- [Task to complete]: Your output should be everything below from the line containing "free application with" down to the line containing "Візок для ляльки", both ends included, copied exactly, with pictures left out.

- [Records provided]:

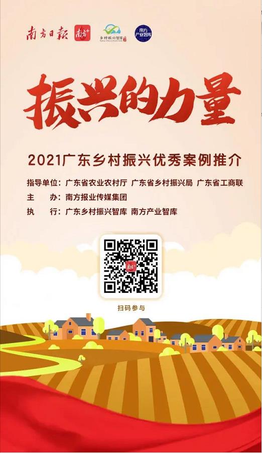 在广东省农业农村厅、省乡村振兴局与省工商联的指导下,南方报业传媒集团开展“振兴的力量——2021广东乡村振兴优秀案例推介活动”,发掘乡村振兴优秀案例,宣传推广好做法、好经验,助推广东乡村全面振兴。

---

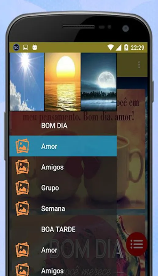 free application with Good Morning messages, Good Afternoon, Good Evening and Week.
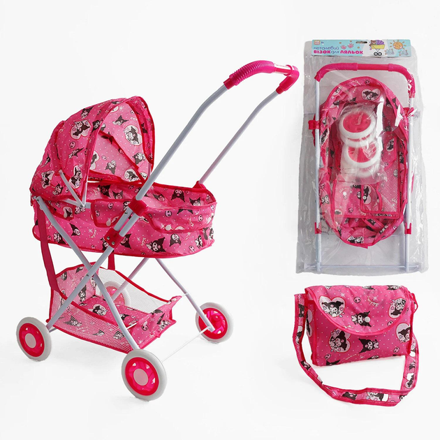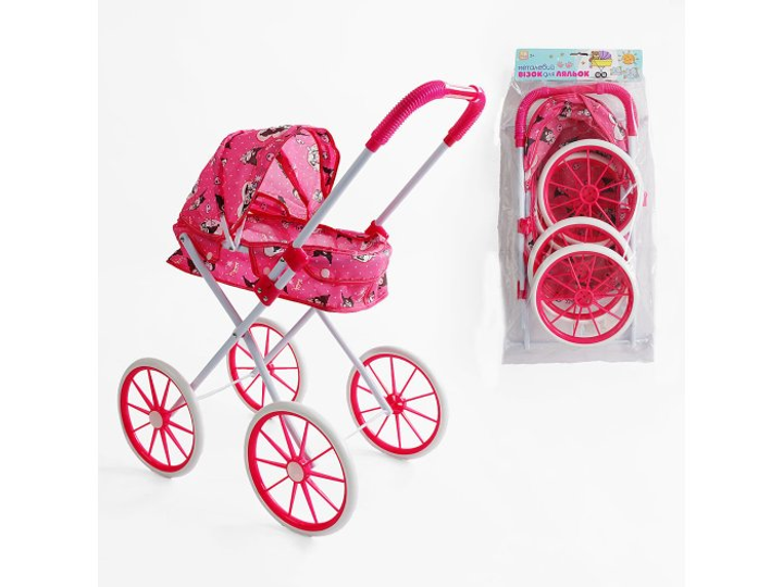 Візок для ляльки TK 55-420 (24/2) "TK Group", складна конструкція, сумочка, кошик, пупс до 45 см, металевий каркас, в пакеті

- [Output]:
 free application with Good Morning messages, Good Afternoon, Good Evening and Week.
 Візок для ляльки TK 55-420 (24/2) "TK Group", складна конструкція, сумочка, кошик, пупс до 45 см, металевий каркас, в пакеті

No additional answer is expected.